PROBLEM TO WORK ON:
Could you repeat every entry below word for word, leaving out the pictures?

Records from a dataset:
- - -
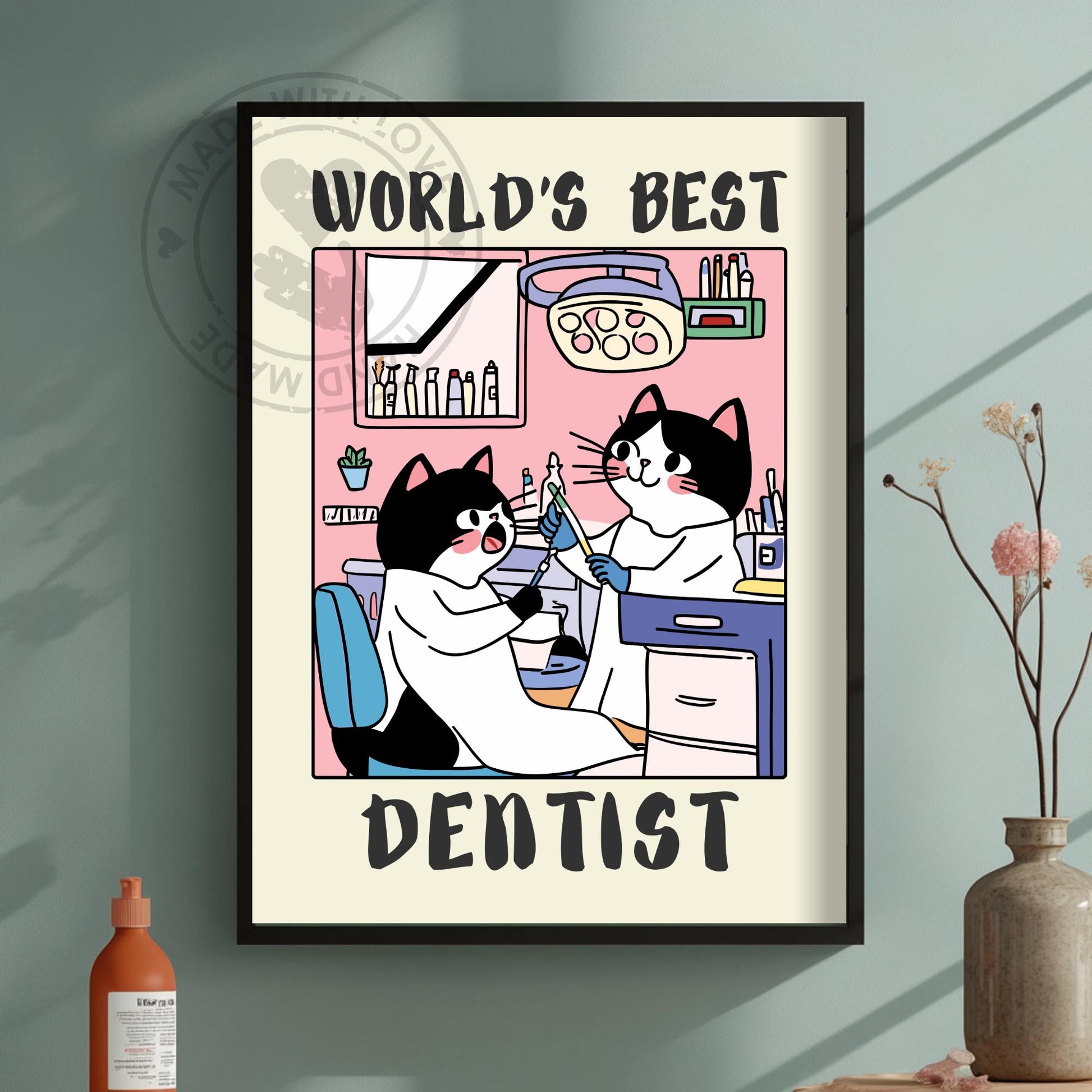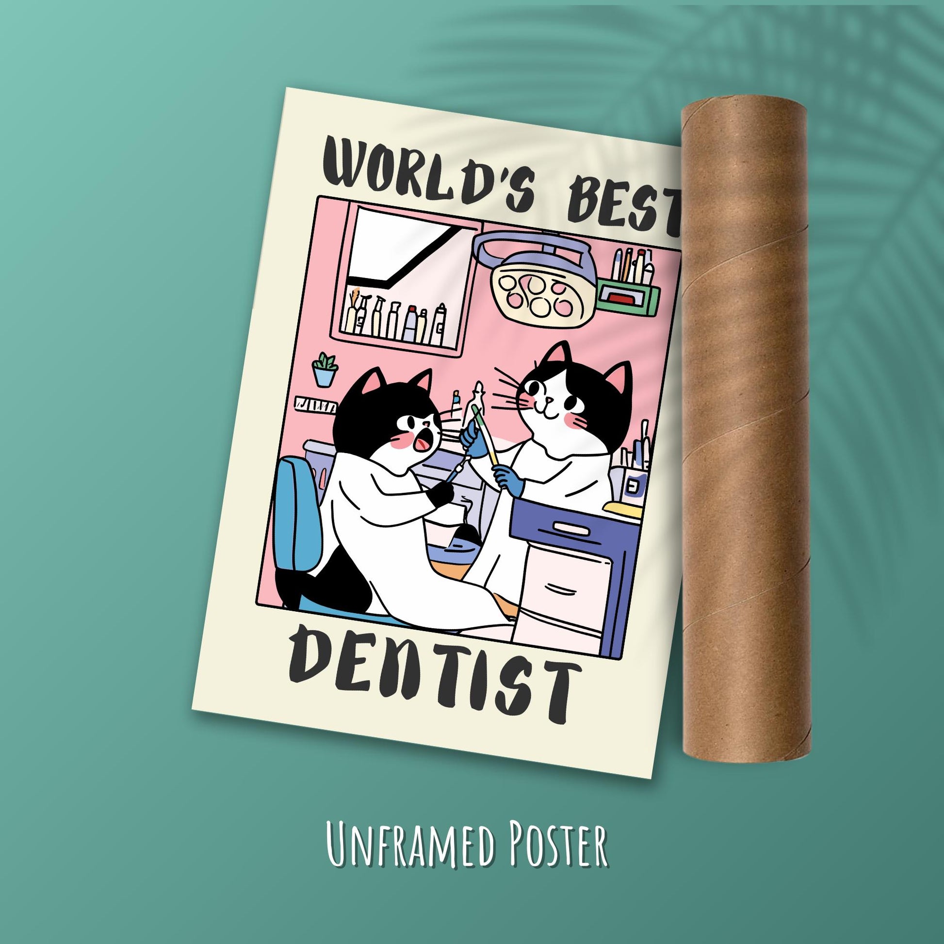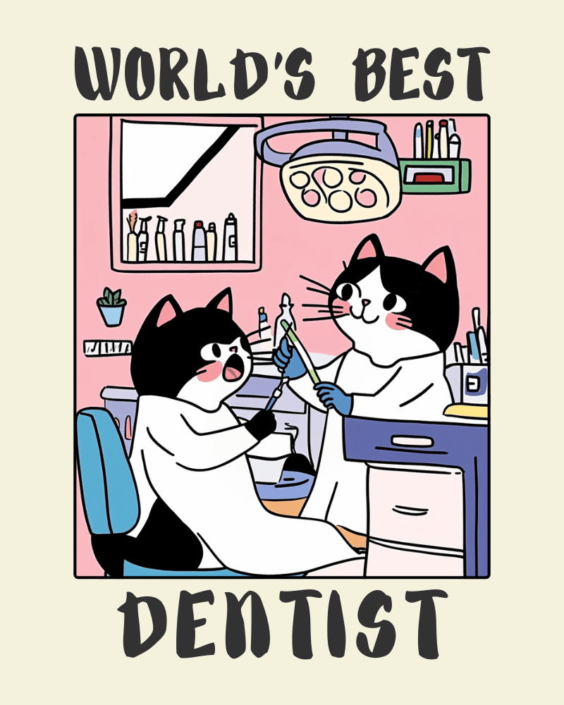 Faites sourire vos proches avec notre affiche « Meilleur Dentiste du Monde » , une œuvre d'art murale humoristique et créative, idéale comme cadeau humoristique pour les dentistes. Issue de notre collection ludique « Professions Cat » , cette affiche met en scène un adorable chat en dentiste dévoué, entouré d'instruments dentaires et d'un cabinet dentaire convivial. Une façon ludique de célébrer la dentisterie et les professionnels qui veillent à la santé de nos dents.
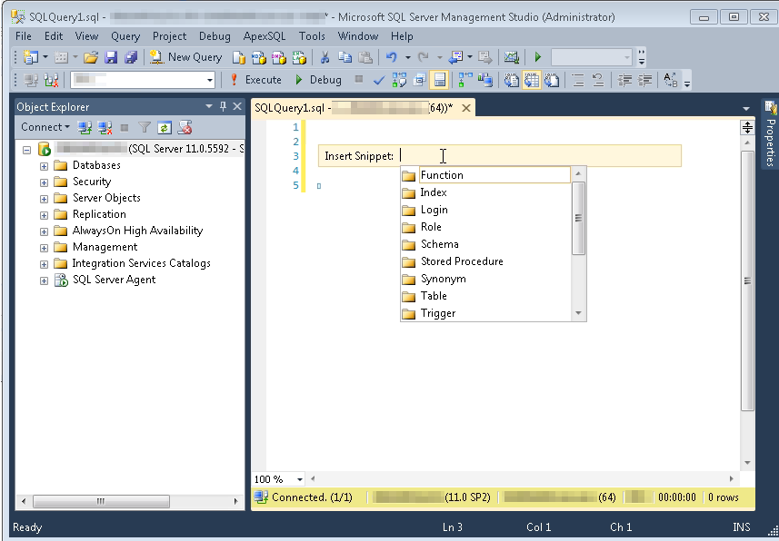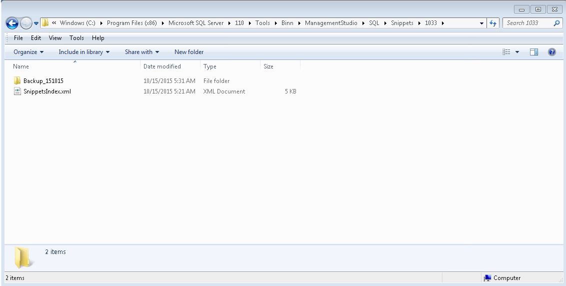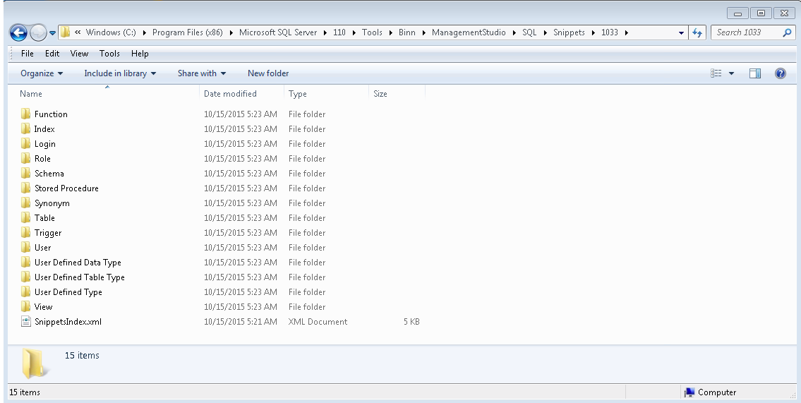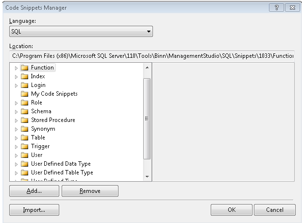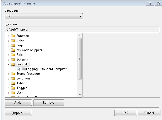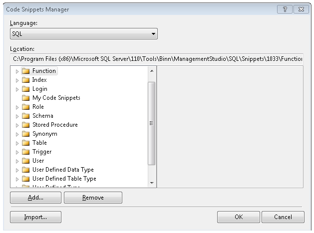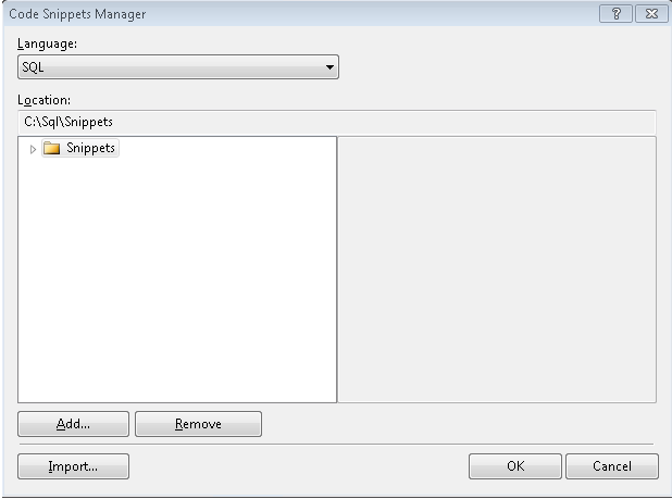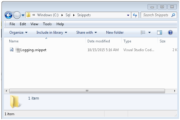 Create a Snippets folder somewhere (I like c:SqlSnippets)
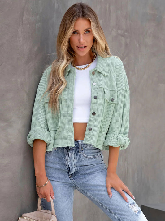 Fall In Waffle Pocketed Shacket - Mint
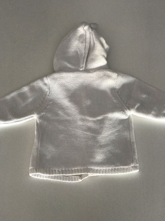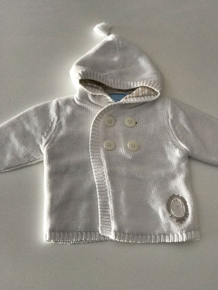 Manteau blanc tricoté Winnie, 100% coton et doublure 100% coton, avec capuche à pompon. Taille 1-3 mois
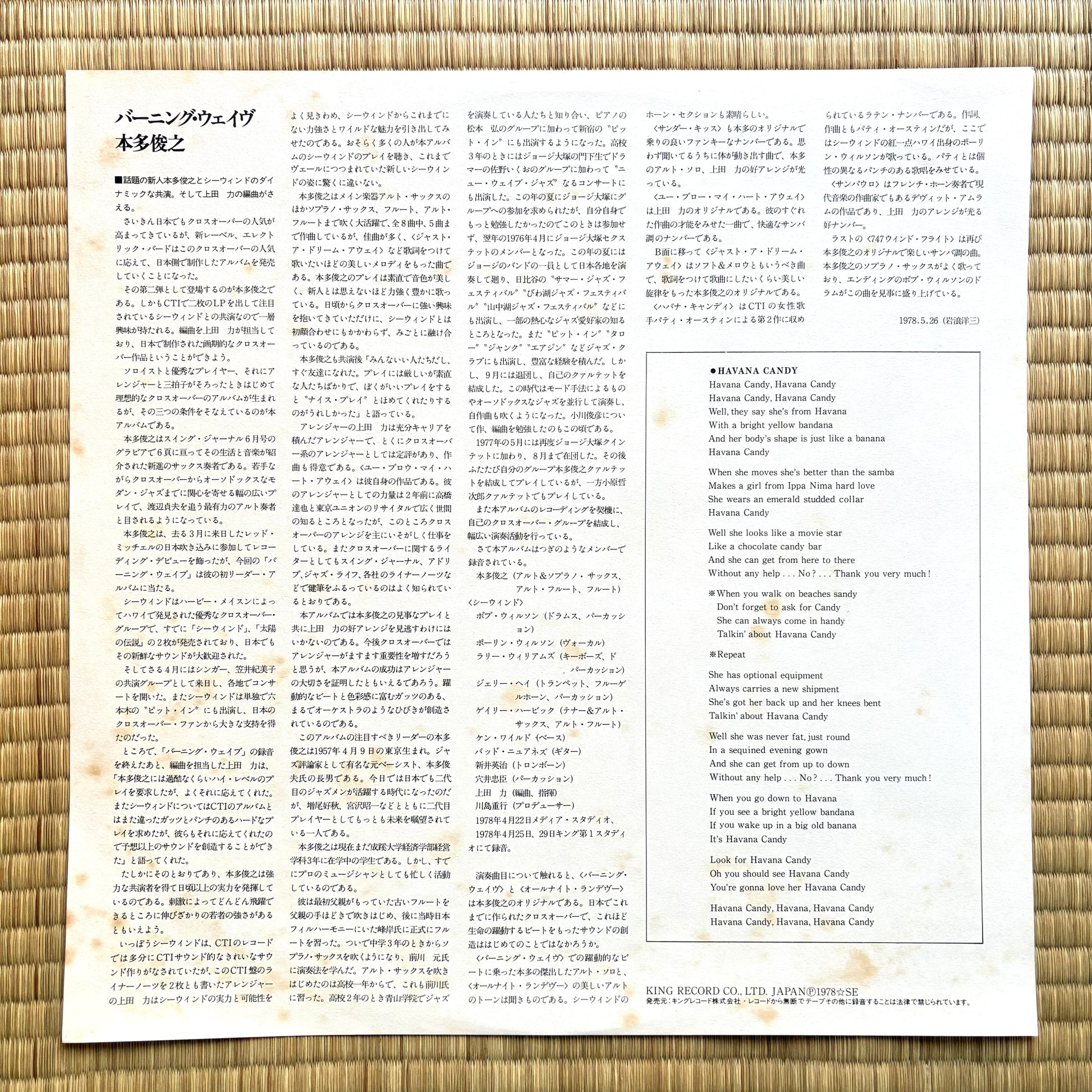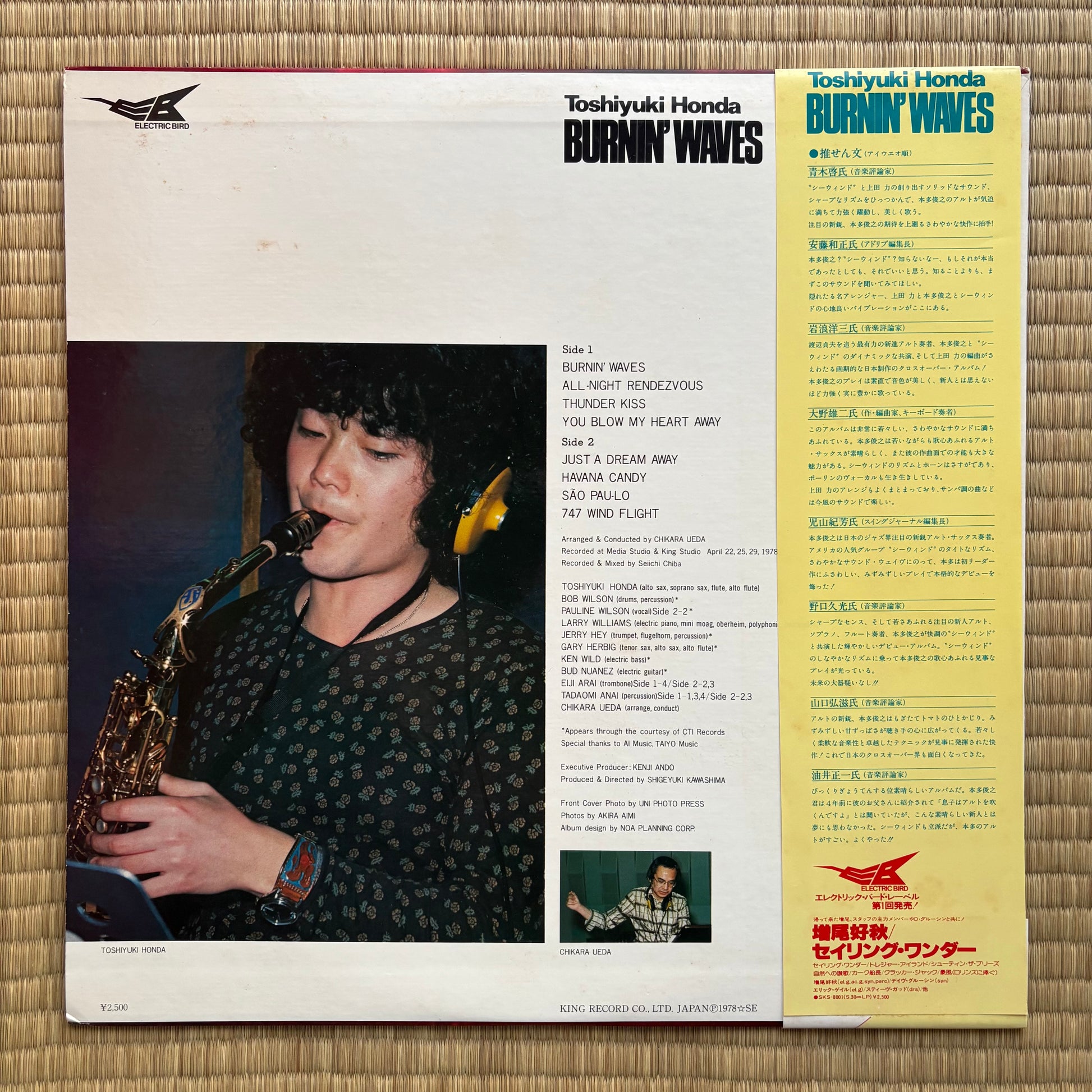 Toshiyuki Honda’s debut Burnin’ Waves (1978, Electric Bird) is a blazing Japanese jazz-funk session with the core of Seawind — Larry Williams, Jerry Hey, Bud Nuanez, Ken Wild, Bob Wilson and vocalist Pauline Wilson — all arranged and conducted by Chikara Ueda. The title track and Thunder Kiss hit hard with tight horns and thick basslines that are perfect for DJs and beatmakers, while Just A Dream Away slides into warm mid-tempo fusion and Havana Candy delivers a Brazilian-flavored crossover tune led by Pauline Wilson’s soulful voice. A killer blend of deep Japanese fusion and West Coast studio power that works both as a front-to-back listen and as a source of club-ready cuts.
- - -
COMPLETED TASK:
 Faites sourire vos proches avec notre affiche « Meilleur Dentiste du Monde » , une œuvre d'art murale humoristique et créative, idéale comme cadeau humoristique pour les dentistes. Issue de notre collection ludique « Professions Cat » , cette affiche met en scène un adorable chat en dentiste dévoué, entouré d'instruments dentaires et d'un cabinet dentaire convivial. Une façon ludique de célébrer la dentisterie et les professionnels qui veillent à la santé de nos dents.
 Create a Snippets folder somewhere (I like c:SqlSnippets)
 Fall In Waffle Pocketed Shacket - Mint
 Manteau blanc tricoté Winnie, 100% coton et doublure 100% coton, avec capuche à pompon. Taille 1-3 mois
 Toshiyuki Honda’s debut Burnin’ Waves (1978, Electric Bird) is a blazing Japanese jazz-funk session with the core of Seawind — Larry Williams, Jerry Hey, Bud Nuanez, Ken Wild, Bob Wilson and vocalist Pauline Wilson — all arranged and conducted by Chikara Ueda. The title track and Thunder Kiss hit hard with tight horns and thick basslines that are perfect for DJs and beatmakers, while Just A Dream Away slides into warm mid-tempo fusion and Havana Candy delivers a Brazilian-flavored crossover tune led by Pauline Wilson’s soulful voice. A killer blend of deep Japanese fusion and West Coast studio power that works both as a front-to-back listen and as a source of club-ready cuts.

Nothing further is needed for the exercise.